These are supplemented by the usual continuity equation for dust $\rho_{m}$, while the radiation $\rho_{r}$ obeys the modified continuity equation

$$\dot{\rho}_{r}+4H\rho_{r}=\frac{2\dot{\phi}\rho_{r}}{\sqrt{\omega}},$$

(15)

due to the explicit coupling between relativistic matter and the scalar field. These equations are not easy to solve except via highly restrictive assumptions. To study their dynamics we shall formulate these equations as a dynamical system [58]. This is a well known method which has been applied widely in cosmology [35, 36, 59, 60, 61]. The approach we take is based largely on Refs. [47, 62]. Although Eqs. (12)-(14) are valid for an arbitrary $P(\phi,X)$ unfortunately it is not easy to cast these equations into an autonomous form for a general $P(\phi,X)$. Instead, we will restrict to the choice

$$P=-X+\frac{e^{\lambda\phi}X^{2}}{M^{4}}-V(\phi),$$

(16)

where $\lambda$ and $M$ are constants. This is the dilatonic ghost condensate model [47], which is a fairly straightforward extension of the well known ghost condensate proposal [46] (we have allowed a potential term for greater generality). It reduces to the ghost condensate model with a potential when $\lambda=0$. The idea of this model is that while the first term in the action is ghost-like it can be stabilised by the presence of the higher derivative second term while still admitting self-accelerating solutions. This can be seen explicitly by evaluating the stability constraints (10) for this model: stability is guaranteed if

$$\frac{e^{\lambda\phi}X}{M^{4}}\geq\frac{1}{2}.$$

(17)

One can also check that causality follows automatically as the sound speed $c_{s}^{2}\leq 1$ (note that in an FRW spacetime $X\geq 0$). One might say that this theory is stable provided it always has a minimum amount of kinetic energy. In any event, whatever its theoretical attractions, or otherwise, it is a good toy model of cosmologies which accelerate under the influence of the kinetic energy of the scalar field rather than through a potential.
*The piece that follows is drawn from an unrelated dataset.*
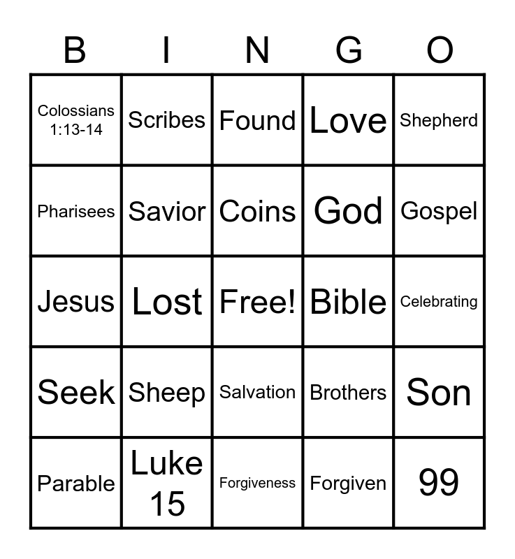 This bingo card has a free space and 24 words: Sheep, Luke 15, Coins, Parable, Shepherd, Colossians 1:13-14, Pharisees, Scribes, Bible, Salvation, God, Jesus, Brothers, Son, Savior, Forgiven, Celebrating, Found, Gospel, Lost, 99, Seek, Love and Forgiveness.

For this choice of action Eqs. (12)-(14) become

	$\displaystyle\ddot{\phi}\left(\frac{3e^{\lambda\phi}\dot{\phi}^{2}}{M^{4}}-1\right)+3H\dot{\phi}\left(\frac{e^{\lambda\phi}\dot{\phi}^{2}}{M^{4}}-1\right)+\frac{3\lambda{}e^{\lambda\phi}\dot{\phi}^{4}}{4M^{4}}+V^{\prime}=-\frac{2}{\sqrt{\omega}}e^{-2\phi/\sqrt{\omega}}\zeta_{m}\rho_{m}$		(18)
	$\displaystyle H^{2}=\frac{1}{3}\rho_{m}(1+|\zeta_{m}|e^{-2\phi/\sqrt{\omega}})+\frac{1}{3}\rho_{r}e^{-2\phi/\sqrt{\omega}}-\frac{1}{6}\dot{\phi}^{2}+\frac{1}{4}\frac{e^{\lambda\phi}\dot{\phi}^{4}}{M^{4}}+\frac{V}{3}-\frac{k}{a^{2}},$		(19)
	$\displaystyle\dot{H}=-\frac{1}{2}\rho_{m}(1+|\zeta_{m}|e^{-2\phi/\sqrt{\omega}})-\frac{2}{3}\rho_{r}e^{-2\phi/\sqrt{\omega}}+\frac{1}{2}\dot{\phi}^{2}-\frac{e^{\lambda\phi}\dot{\phi}^{4}}{2M^{4}}+\frac{k}{a^{2}}.$		(20)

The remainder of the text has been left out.